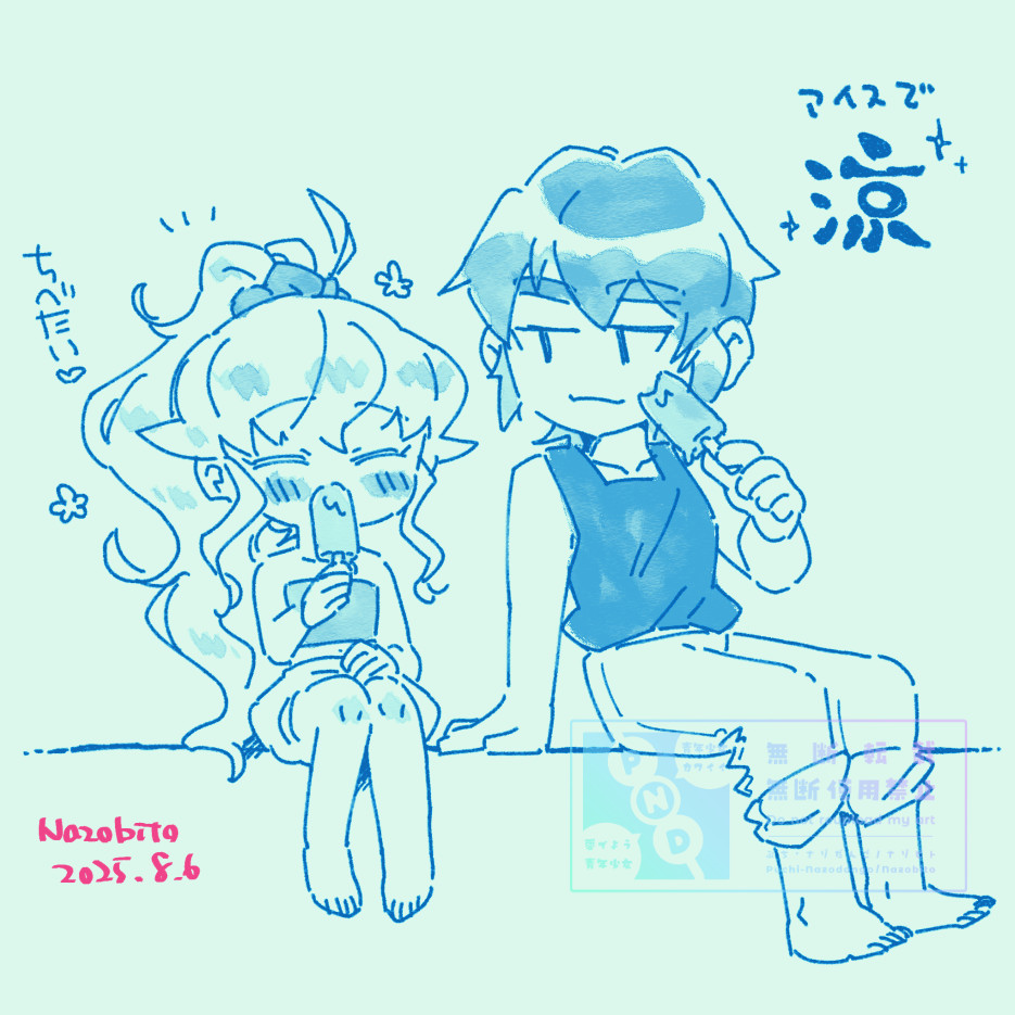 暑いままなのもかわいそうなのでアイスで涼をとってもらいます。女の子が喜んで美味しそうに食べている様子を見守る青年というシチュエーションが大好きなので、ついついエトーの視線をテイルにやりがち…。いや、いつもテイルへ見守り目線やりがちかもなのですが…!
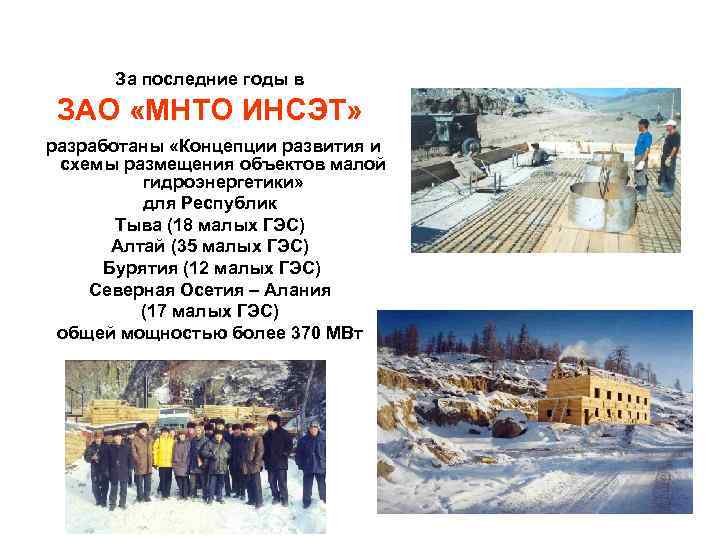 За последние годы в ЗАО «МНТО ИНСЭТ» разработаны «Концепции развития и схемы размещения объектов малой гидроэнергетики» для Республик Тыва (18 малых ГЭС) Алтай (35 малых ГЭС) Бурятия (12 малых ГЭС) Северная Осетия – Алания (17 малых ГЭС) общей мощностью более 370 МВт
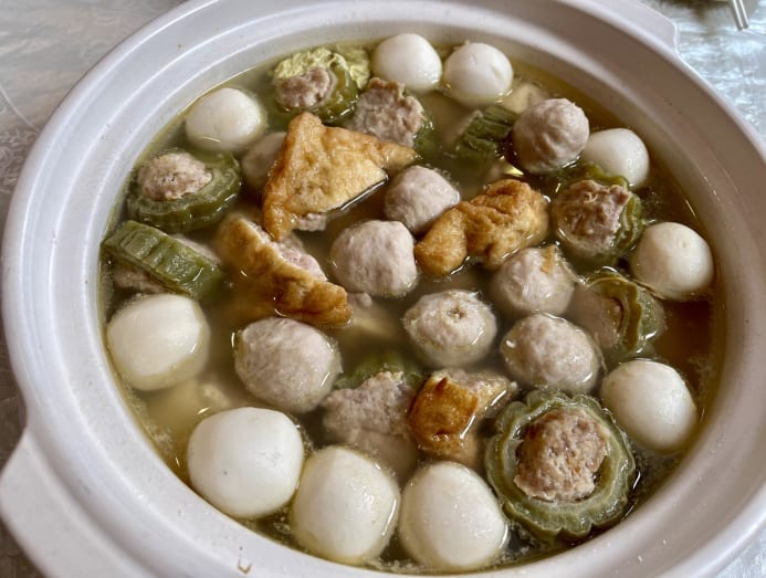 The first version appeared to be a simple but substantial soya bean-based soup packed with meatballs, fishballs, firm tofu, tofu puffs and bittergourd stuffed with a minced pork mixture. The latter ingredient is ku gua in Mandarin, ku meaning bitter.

TASK BRIEF: Please give the data again unaltered, leaving out any images.

RESPONSE:
 暑いままなのもかわいそうなのでアイスで涼をとってもらいます。女の子が喜んで美味しそうに食べている様子を見守る青年というシチュエーションが大好きなので、ついついエトーの視線をテイルにやりがち…。いや、いつもテイルへ見守り目線やりがちかもなのですが…!
 За последние годы в ЗАО «МНТО ИНСЭТ» разработаны «Концепции развития и схемы размещения объектов малой гидроэнергетики» для Республик Тыва (18 малых ГЭС) Алтай (35 малых ГЭС) Бурятия (12 малых ГЭС) Северная Осетия – Алания (17 малых ГЭС) общей мощностью более 370 МВт
 The first version appeared to be a simple but substantial soya bean-based soup packed with meatballs, fishballs, firm tofu, tofu puffs and bittergourd stuffed with a minced pork mixture. The latter ingredient is ku gua in Mandarin, ku meaning bitter.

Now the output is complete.